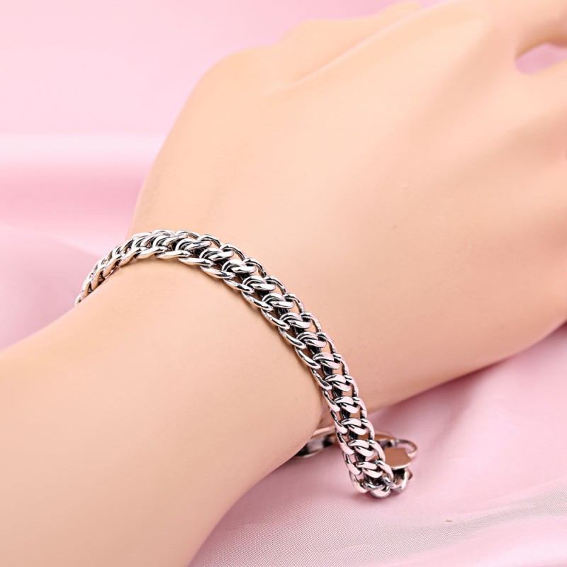 Armband aus 925er Sterlingsilber in Deutschland. Klassisches Armband aus 925er-Sterlingsilber mit diamantgeschliffenem Doppelstrangpanzer. Das Weben von Panzerketten ist heute eine der beliebtesten Arten von Halsschmuck. Diese Art des Strickens ist vielfältig, schön und praktisch. Das vielseitige Schleifen der Glieder verleiht ihnen Glanz und Attraktivität. Das Panzerweben ist langlebig und zuverlässig.
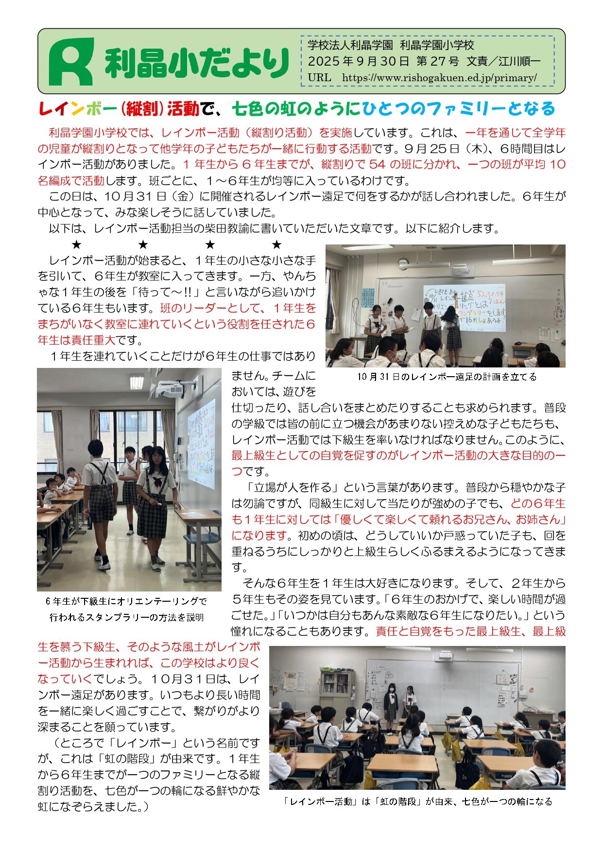 利晶小だより 27号 『レインボー(縦割り)活動で、七色の虹のようにひとつのファミリーとなる』
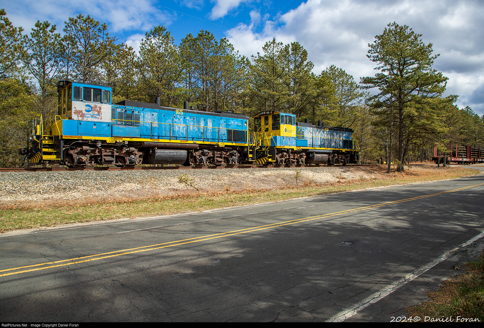 For two consecutive weekends the Welded Rail Train dropped rail on the mainline between Calverton and Manorville. When crews weren't working, the train was laid up on the Calverton Spur which is the only siding that could hold 28 cars without fouling any crossings. The Calverton Spur is mainly used by New York Atlantic Railway for switching at Eastern Fence, so it's always a treat to see LIRR on the spur.
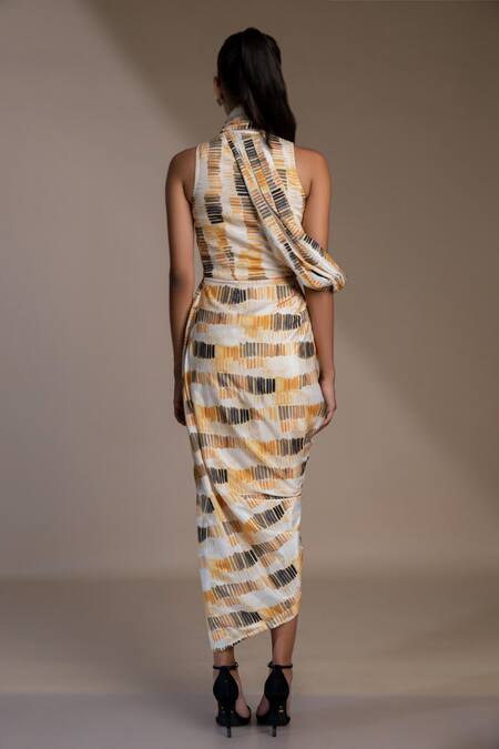Yellow draped dress featuring a wrap-around neckline and abstract patterns

Work item:
Once the pictures are removed, copy the material above exactly.

Answer for the task:
 Armband aus 925er Sterlingsilber in Deutschland. Klassisches Armband aus 925er-Sterlingsilber mit diamantgeschliffenem Doppelstrangpanzer. Das Weben von Panzerketten ist heute eine der beliebtesten Arten von Halsschmuck. Diese Art des Strickens ist vielfältig, schön und praktisch. Das vielseitige Schleifen der Glieder verleiht ihnen Glanz und Attraktivität. Das Panzerweben ist langlebig und zuverlässig.
 利晶小だより 27号 『レインボー(縦割り)活動で、七色の虹のようにひとつのファミリーとなる』
 For two consecutive weekends the Welded Rail Train dropped rail on the mainline between Calverton and Manorville. When crews weren't working, the train was laid up on the Calverton Spur which is the only siding that could hold 28 cars without fouling any crossings. The Calverton Spur is mainly used by New York Atlantic Railway for switching at Eastern Fence, so it's always a treat to see LIRR on the spur.
Yellow draped dress featuring a wrap-around neckline and abstract patterns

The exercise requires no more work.